[Opening Data excerpt section]

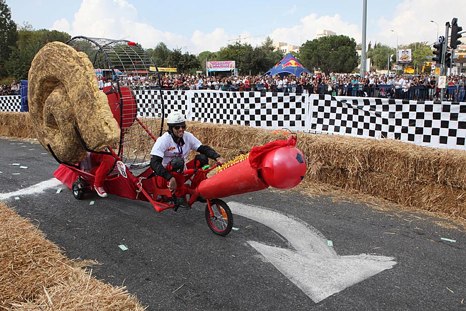 50辆“肥皂盒车”10月7日参加了耶路撒冷举行的“肥皂盒车”趣味竞赛。赛道设置在市中心一条大街的一段斜坡上,比赛者驾驶各种千奇百怪的赛车从起点一路滑下。图片来源:中国新闻网
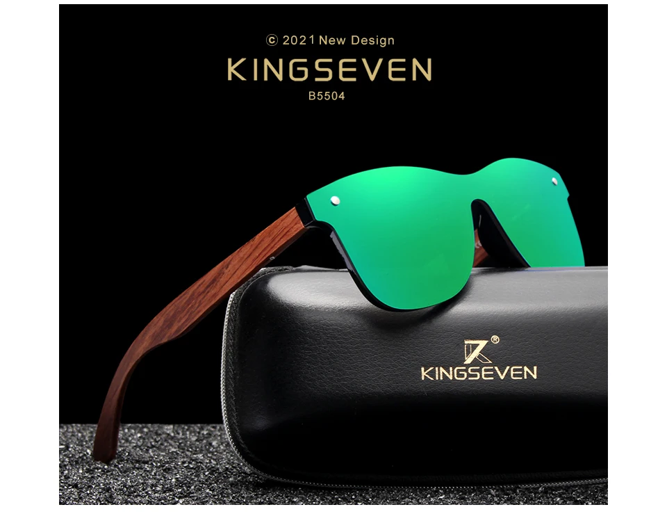 Солнцезащитные очки KINGSEVEN с деревянными зеркальными линзами для мужчин и женщин, Поляризационные солнечные аксессуары в стиле ретро без оправы, для вождения
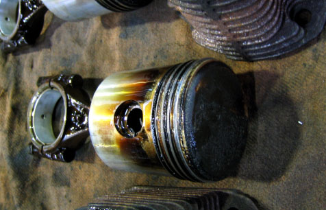 写真11a.加工前のピストン エンジン全バラ時に取り出したばかりのピストン。ヘッドにはカーボンがびっちりと付着し、側面はオイル焼けがひどかった。ヘッド上面のカーボンは、ちょっとやそっとじゃ落ちません。 |
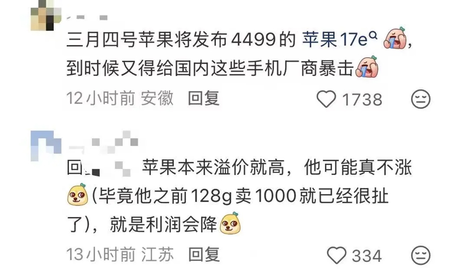 有网友评论道:“涨吧,涨了就去买苹果”,“要这么涨的话,只能转战苹果了”。

[Closing Data excerpt section]

Work order: Could you repeat the listing above exactly, omitting its pictures?

Task output:
 50辆“肥皂盒车”10月7日参加了耶路撒冷举行的“肥皂盒车”趣味竞赛。赛道设置在市中心一条大街的一段斜坡上,比赛者驾驶各种千奇百怪的赛车从起点一路滑下。图片来源:中国新闻网
 Солнцезащитные очки KINGSEVEN с деревянными зеркальными линзами для мужчин и женщин, Поляризационные солнечные аксессуары в стиле ретро без оправы, для вождения
 写真11a.加工前のピストン エンジン全バラ時に取り出したばかりのピストン。ヘッドにはカーボンがびっちりと付着し、側面はオイル焼けがひどかった。ヘッド上面のカーボンは、ちょっとやそっとじゃ落ちません。 |
 有网友评论道:“涨吧,涨了就去买苹果”,“要这么涨的话,只能转战苹果了”。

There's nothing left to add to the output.